Let's start with the moral argument, then move on to the tightly related economic ones:

Steemit made a clear and unambiguous promise that the stake they mined would be used for onboarding and development of the blockchain, not for personal enrichment. Now, you probably are going to say, then how would they make any money from doing the development. Well, there's actually two ways in this case: 1) they are going to charge some overhead (e.g. salaries) for the work they do and 2) all the major devs and the larger shareholders were also "awarded" personal accounts from the ninja-mine. THIS was the stake that was supposed to represent their own interest in developing the blockchain and devoting the rest of the stake to development work.

Why did Steemit make this promise? Because they knew all the other stakeholders would have bailed out of the currency, driving the value of that huge stake to pretty much nothing. This almost happened anyways, because Ned and Dan were selling their personal stakes very rapidly at the beginning (such a sign of confidence in their coin) and the price was dropping fast until I convinced them to stop that practice for a while.

But from my point of view, even if they made the promise from the goodness of their hearts, I expect Steemit to live up to it's promise on this issue. If simple fundamental promises like this aren't going to be kept, then myself and like-minded people will stay on a chain where promises to the community matter. Other people who don't care about promises, and expect their interests are served better by baseless promotion and no integrity can leave for a fork where promise don't matter. This is OK, each group gets to operate under the rules they like best.

Ok, that pretty much summarizes the moral argument for me, let's move on to the economic one. Here I'm talking about what will be best for the price of the coin.

By voting stake, it's clear that the large investors in Steem support the Soft Fork. I've spoken to several of the largest Steem investors, who've told me they will leave the chain if it becomes a chain dominated by the stake of someone whose primary interest is Tron and not Steem. One thing you seem to be ignoring is that it is investors that support the price of a cryptocurrency and if many of the large investors leave, the price of the coin will tank.

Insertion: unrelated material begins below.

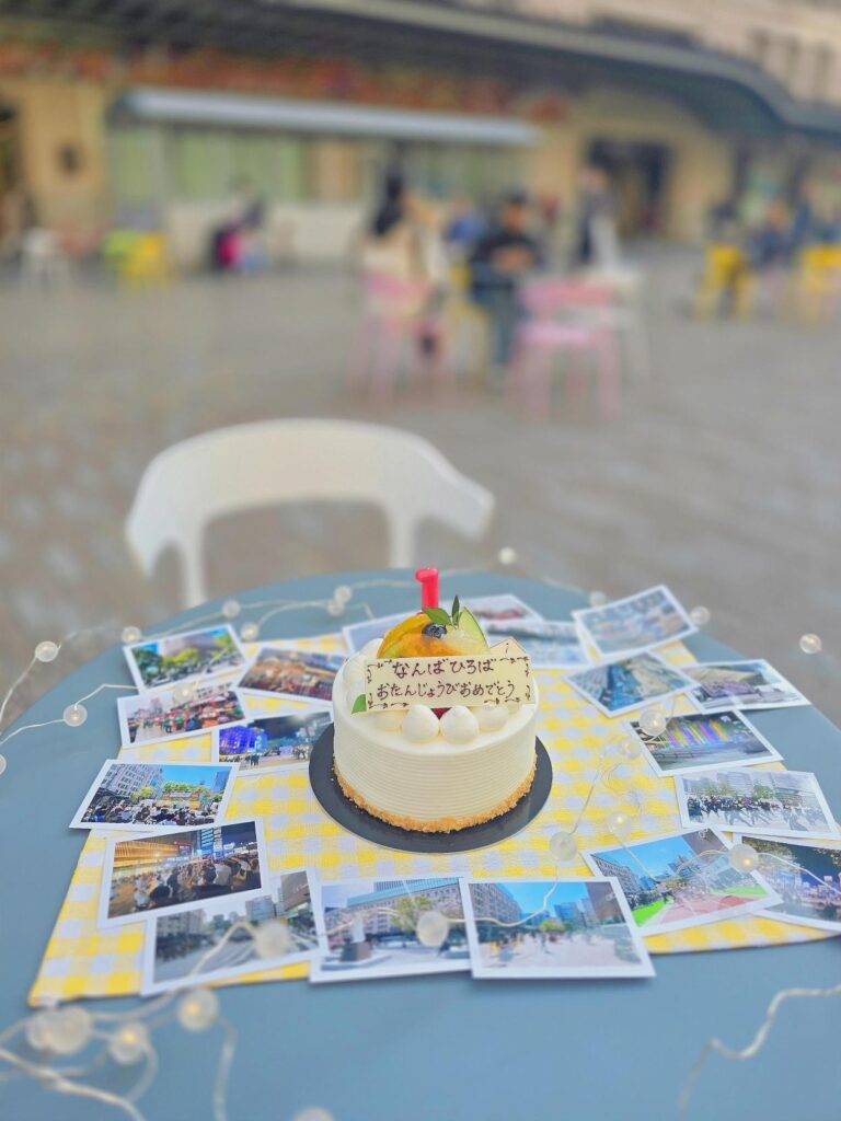 この写真は、なんば広場一周年の前日に、この1年を振り返る写真を共に、ケーキでお祝いした時のものです。

So when you suggest that Tron can just do a clean fork and just ignore the community, I think you're ignoring key issues.

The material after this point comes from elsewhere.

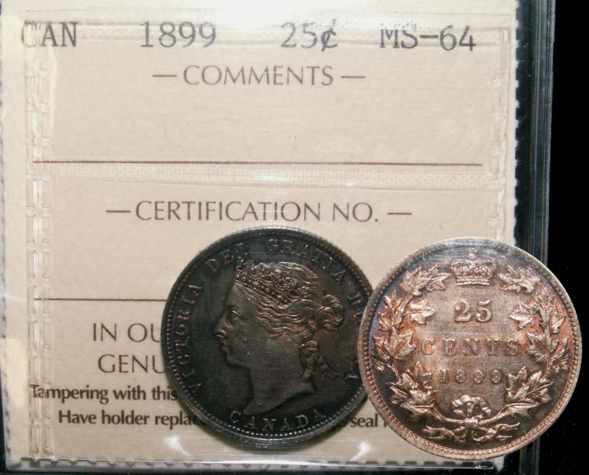 1899 25¢ ICCS MS64. An superb example with intense tone on obverse and fully lustrous.

First, even if we assume Tron can get that fork listed on exchanges without any problem, something I'm not convinced of except for the special case of Poloniex, there's still the strong likelihood that the price of the coins on that fork will tank when investors leave. This will translate to a large initial trading volume, followed by a huge drop in trading volume once these investors leave (several operate as market makers as well as investors). At this point, the listing for the fork could come under pressure, because exchanges generally only want to list a coin if there's enough volume to cover the cost. And trading volume comes from investors, not from Steemit (unless it just decides to do wash trading and treat the resulting fees as an expense). You could argue that Tron will buy up a large amount of Steem to support the price, but this seems unlikely on a fork where they already have the entire Steemit ninja-mine stake.

The next question is where all the non-investors go (e.g. people who use the blockchain but don't actively buy Steem for money). What they will do is hard to predict, but if they don't go to the Tron fork, it's begins to be difficult to see what the purchase of Steemit was even for, except to get developers experienced in the Steem code base.

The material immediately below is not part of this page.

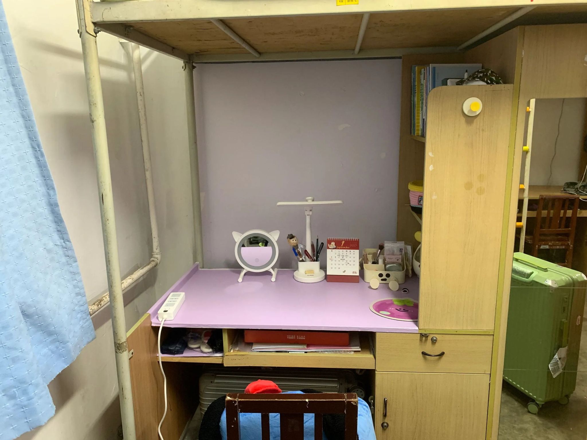 与此同时,“整理书桌”的战役也同步打响。教官对书桌整洁定下了明确标准:书籍需按尺寸大小分类竖立摆放,形成整齐的“书墙”;文具用品归置入笔筒,散乱的数据线用绑带束好,做到桌面无杂物,视野所及皆井然。教官一边指导一边强调,书桌是思想的阵地,一个整洁有序的环境是高效学习的基础,这份条理本身就是一种自律。

The Steemit stake has been a huge weight holding back the value of Steem for ages. If it had operated as promised and been devoted to development, it would have done great things for the coin.

But instead, it actually worked against the price of the coin, because it was hard for other investors to be motivated to invest in base-level Steem technology when a single stakeholder was deriving much of the benefit, but not really pulling their own weight.

It has effectively stifled third party development of the common infrastructure like API servers and the blockchain code itself. Instead, you'll see that most Steem-related development has been on dapps and other tokens (i.e. SteemEngine tokens) which allowed those developers away to profit from their work. The SPS has improved this situation somewhat, but the funds available are still small relative to the Steemit stake.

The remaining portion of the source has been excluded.